First, Hall defines codes as “the means by which power and ideology are made to signify in particular discourses” (483). So if Althusser is concerned with ideologies’ reproduction through dominant systems like government-run educational institutions, Hall jumps into the deeper end of this pool on the subject of another object of similar charges – mass media. Rather than Althusser’s theorizing of the ideology itself, Hall’s focus is on the communication process – specifically explaining the four stages of communication: production, circulation, consumption (or use), and reproduction. Interestingly, Hall’s comments bear a similar tone to Althusser’s when he says that messages are imprinted by “institutional power-relations” at each of these four stages, essentially “reproducing a pattern of domination” (477). Each of these moments, he argues, should be seen as “different moments” in a “complex structure of relations” (478). Relations which, at least according to Althusser, are marked by public behaviors commensurate with some form of conditioning – or as Hall would assert, a coding and decoding.

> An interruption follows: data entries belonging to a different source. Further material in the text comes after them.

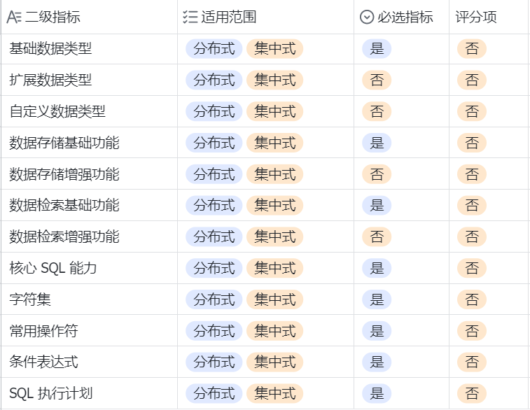 这部分包括数据类型、SQL 语句、字符集、操作符、执行计划等,就是数据库基础能力。这里面比较受关注的点一是针对扩展数据类型的定义、存储、检索的支持,随着用户场景的复杂,扩展数据类型成为一种必然;二是字符集支持,去年也有不少国内厂商通过了中国强制字符集标准GB 18030-2022;三是针对 SQL 执行计划干预能力,这样可以有效解决数据库优化器能力不足或Bug所导致的执行路径异常,可快速解决用户问题。
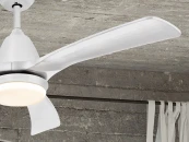 Потолочный вентилятор со светодиодной подсветкой. Изготовлен из металла и дерева с белой отделкой. Рассеиватель из опалового стекла. Двигатель постоянного тока с реверсом. Светодиод CCT с трехцветной цветовой температурой. Таймер. Система фиксации против раскачивания.
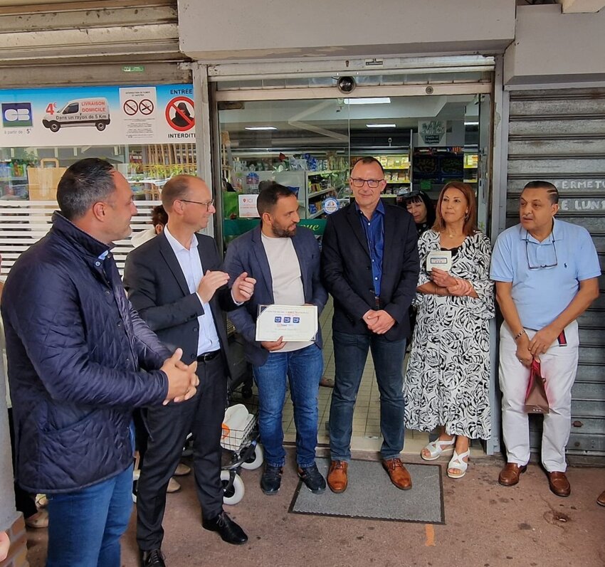 Pierre-Vincent Langlois, élu de la CCI Rouen Métropole vient de remettre le diplôme du "3e Sourire" de la JNCP à Nicolas Rouly, Maire de Grand-Quevilly. L’événement s’est tenu mercredi 5 juillet dans les locaux de la supérette "Au Petit Panier", en présence de Essaïd Ezabori, adjoint au maire en charge du commerce, du développement économique et de l’emploi et de Joffre François, Président de l’association des commerçants "Grand-Quevilly Développement". Pour sa 3e participation en octobre 2022, la commune et ses commerçants se sont engagés fortement pour promouvoir le commerce local, à travers l’organisation de nombreuses animations : atelier floral, atelier ganache, jeux concours, jeu du juste prix avec la sensibilisation des habitants sur la nécessité de faire travailler le commerce de proximité et de l’importance de consommer locale. Selon Nicolas ROULY, maire de Grand-Quevilly « ce 3ème Sourire est la reconnaissance de l’attractivité des commerces quevillais. Le soutien aux commerces locaux est une réussite. Il est le fruit d’un partenariat innovant entre la Ville et ses commerçants. Bien vivre à Grand-Quevilly, nous y tenons ! ».

Hall pushes back against theorists who linger too long over the outcome of behavior in this media-ideological brewing pot (480). Instead, he fixes his gaze on the communication Production-to-Reproduction scale and the naturalization of some meanings due to wide distribution. This, he says, has an “ideological effect” of “concealing the practices of coding which are present.”
(Is this, then, what Althusser would see as the process used by the ISA? And what would Foucault say or add to this?)

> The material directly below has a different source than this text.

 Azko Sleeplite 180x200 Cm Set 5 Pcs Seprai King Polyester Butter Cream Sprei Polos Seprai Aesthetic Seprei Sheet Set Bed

These codes become wrapped in Hall’s nuanced meanings of connotation and denotation as they infuse the “structure of discourses in dominance” where meanings can be mapped into hierarchical and “dominant or preferred meanings” (483). This power of relationship ties between coding and decoding bring to mind our early discussions of Hardware Theory, and the compartmentalized nature of that communication system.
(I wonder – how have digital spaces impacted this, especially as Hall asserts that dominance = a “pattern of ‘preferred readings’” that are distributed through these systems of mass communication?)

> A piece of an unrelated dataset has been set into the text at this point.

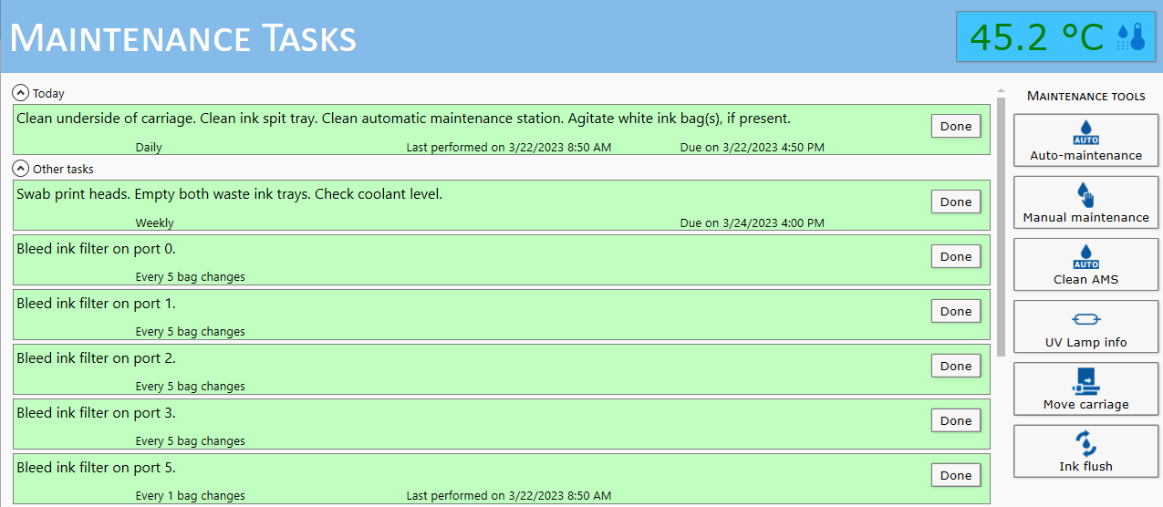 De multe ori, o duză se va regenera singură în timpul tipăririi. În cazul în care o duză nu se reface în urma unei operațiuni de spălare uscată a capului de imprimare sau a practicilor AMS standard, poate fi necesară recuperarea duzei prin această procedură: Purjare manuală a cernelii și curățarea capului de imprimare.

So Hall’s discussion of coding and decoding and the relationships between those two acts as independent yet co-limiting, creating a system of dependence and even perpetual balance which he calls “a fundamental alignment and reciprocity” (481) is at the root of “class struggle in language” (482), reflections of how ideology affects discourse at the connotative level.
Final note: Hall’s argument is situated in the midst of mass communication systems (like television) being theorized as ideological influences upon public behavior. He insists that it isn’t the behavior we need to study – it’s the system by which messages are coded and decoded in discourse that deserves closer study. Also of interest is his approach to the “subjective capacity” of television’s power to mediate / transfer messages and meaning (485). Althusser states that “actors…and their respective roles, are reflected in the very structure of all ideology,” but does that mean they are no longer individualized in his theorizing? Hall seems to think such individualization vs. subjectivity when it comes to successful decoding has been misrepresented. He argues that miscommunication happens – not because individuals “misinterpret” the messages intended meanings, but because there is a lack of reciprocity between the first and fourth stages of the communication process.
The idea of how knowledge (and ideologies) are transmitted and/or infused into a network or community is one that carries with it all sorts of sharp edges. Educators can either be facilitators of knowledge creation and transfer, or we can be ideological reproductive agents. According to Ken Robinson, our traditional system of education is a mass production line from K-16.
Are MOOCs treated with such critical suspicion in part because their structures violate this system?
And so, the final connection: Hall writes about the influence of the media to shape and transmit the “structure of discourses in dominance” (483). His “definition of a hegemonic viewpoint” as one which “defines within its terms the mental horizon … of possible meanings of a whole sector… of society” (486) seems to serve as the “how” to Althusser’s argument that ISAs (education) create that horizon. Class struggle for both authors begin, then, with communication networks.
Althusser, Louis. “Ideology and Ideological State Apparatus.” Lenin and Philosophy and Other Essays, Monthly Review Press 1971. Web (www.marxists.org).
Hall, Stuart. “Encoding, Decoding.” The Cultural Studies Reader, 3rd ed. Simon During, Ed. New York: Routledge, 1993.